The present study also has certain limitations. Firstly, as the three-dimensional renal tumor target vessel reconstruction technology is based on preoperative CTA examination, it is not suitable for renal tumor patients who are allergic to contrast agents or have impaired renal function and therefore cannot undergo CTA. Secondly, this study included cases with an average maximum tumor diameter of 4.8cm, and it remains to be further verified whether patients with larger tumor diameters, such as cT1b stage tumors, can benefit from this technique. Thirdly, due to the current limitations of the technology, real-time synchronous reconstruction models with the surgical field have not yet been achieved, thus the role of this technology in real-time intraoperative localization and navigation is still lacking. Furthermore, this study only provides a single-center small sample retrospective experience, and the relevant conclusions still require further validation through advanced-level research.
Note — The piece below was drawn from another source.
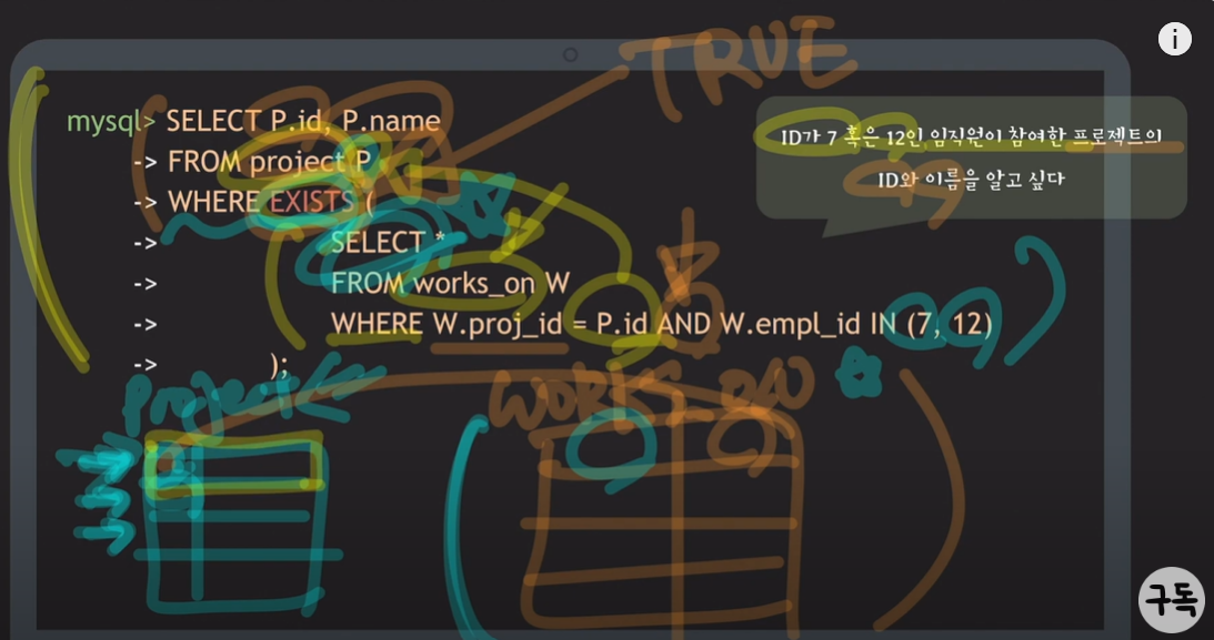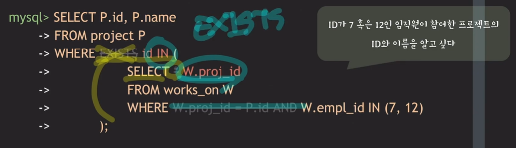 • ID가 7 혹은 12인 임직원이 참여한 프로젝트의 ID와 이름을 알고 싶음 (EXISTS 키워드를 사용)

In conclusion, for some early-stage renal cancer patients, the application of three-dimensional renal tumor target vessel reconstruction technology can better achieve ‘zero-ischemia’ laparoscopic partial nephrectomy, which is beneficial for the preservation of renal function in patients. The target vessels of the solitary early-stage renal cancer in the renal hilum are relatively easy to locate, making it more suitable for the implementation of three-dimensional renal tumor target vessel reconstruction technology for performing ‘zero-ischemia’ laparoscopic partial nephrectomy.